This section explains what happens when a Qumulo Core node goes offline.
What Happens When a Qumulo Core Node Goes Offline
Qumulo Core uses erasure coding to let multiple drives or nodes to go offline but continue to serve data. For more information, see Qumulo Drive Failure Protection on Qumulo Care.
Qumulo Core attempts to maintain cluster functionality for as long as possible:
-
Hybrid Nodes: When a hybrid node goes offline, the cluster continues to use SSD space for new data on the remaining nodes.
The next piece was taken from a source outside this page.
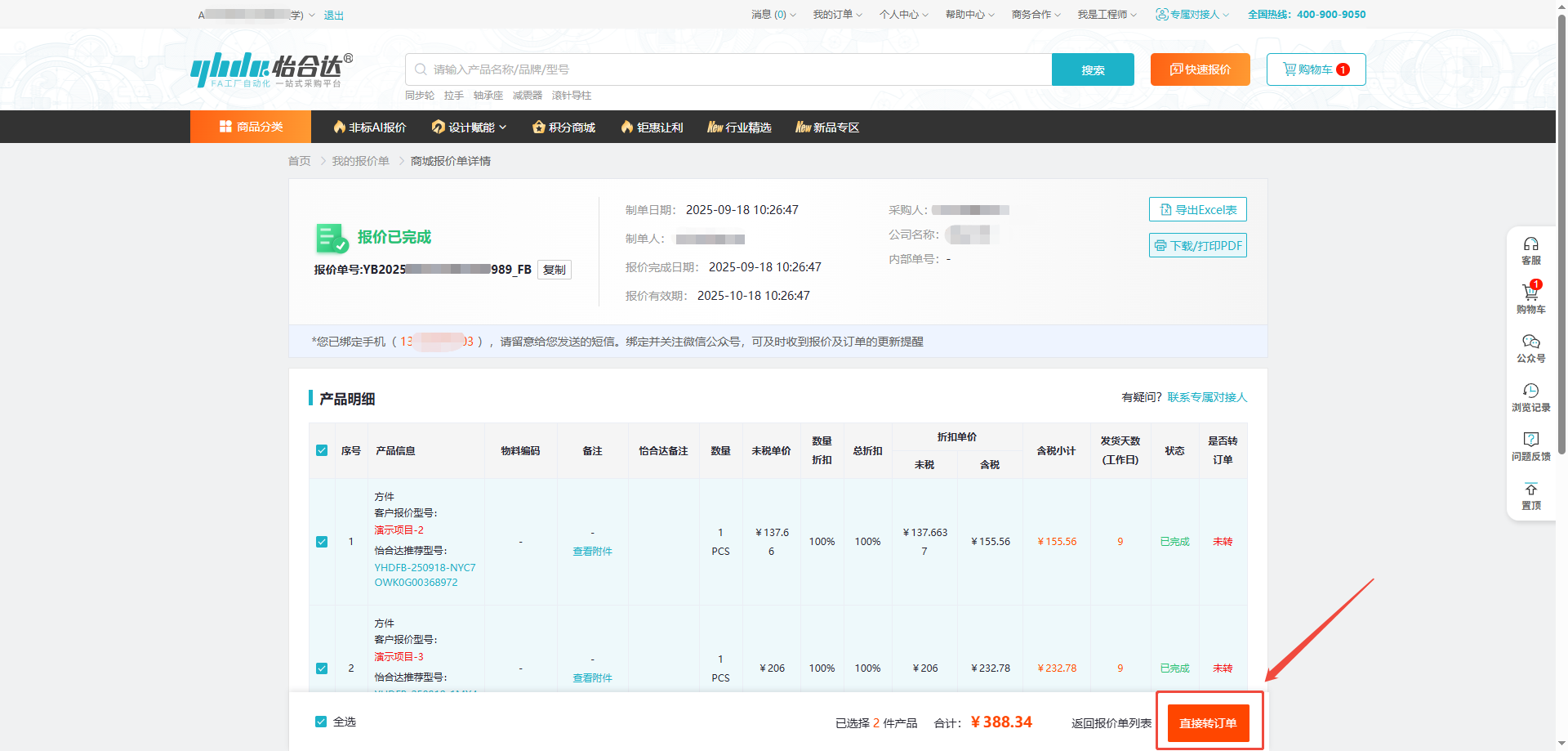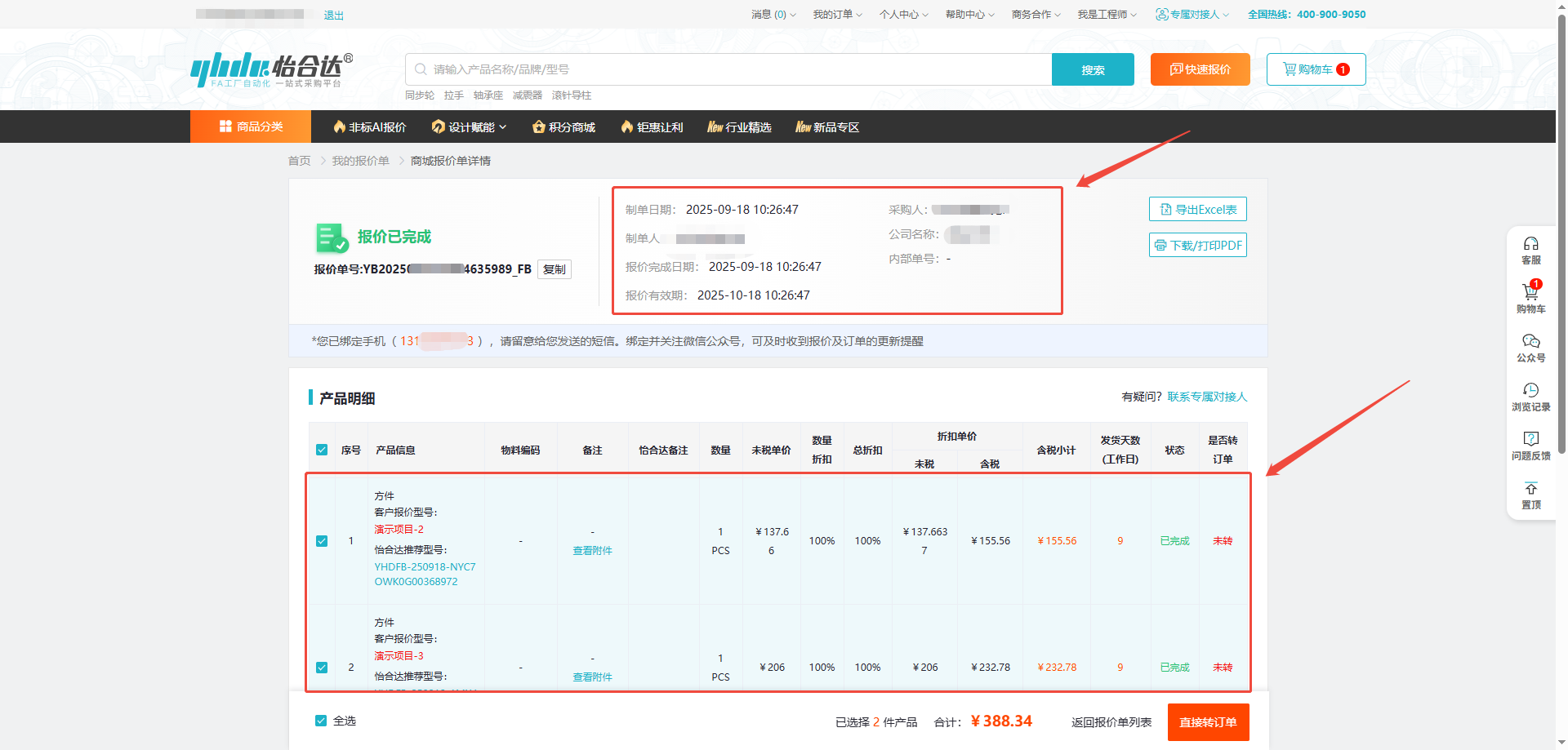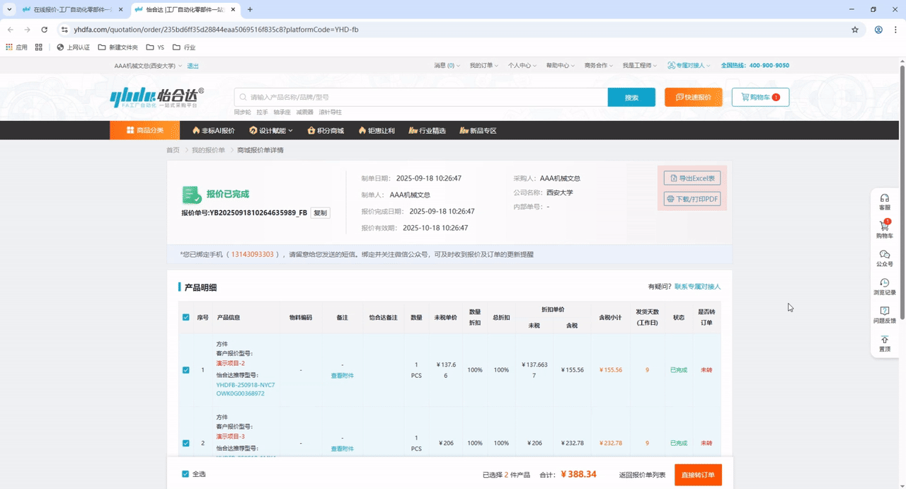 3、可以点击“下载/打印PDF”即可导出带有怡合达盖章的电子报价单,点击“导出Excel表”可导出Excel格式的报价单

Because it is possible to evict only a portion of this SSD-resident data to HDDs at a later time (the exact proportion depends on the cluster size, configuration, and type of writes), the system can temporarily fill SSDs with data which can’t be evicted, potentially causing out-of-space errors until the node comes online and the cluster recovers.
-
All-Flash Nodes: When an all-flash node goes offline, the cluster writes new data to the SSD free space on the remaining nodes. When the node comes back online and rejoins the cluster, Qumulo Core redistributes data to rebalance capacity and restore protection.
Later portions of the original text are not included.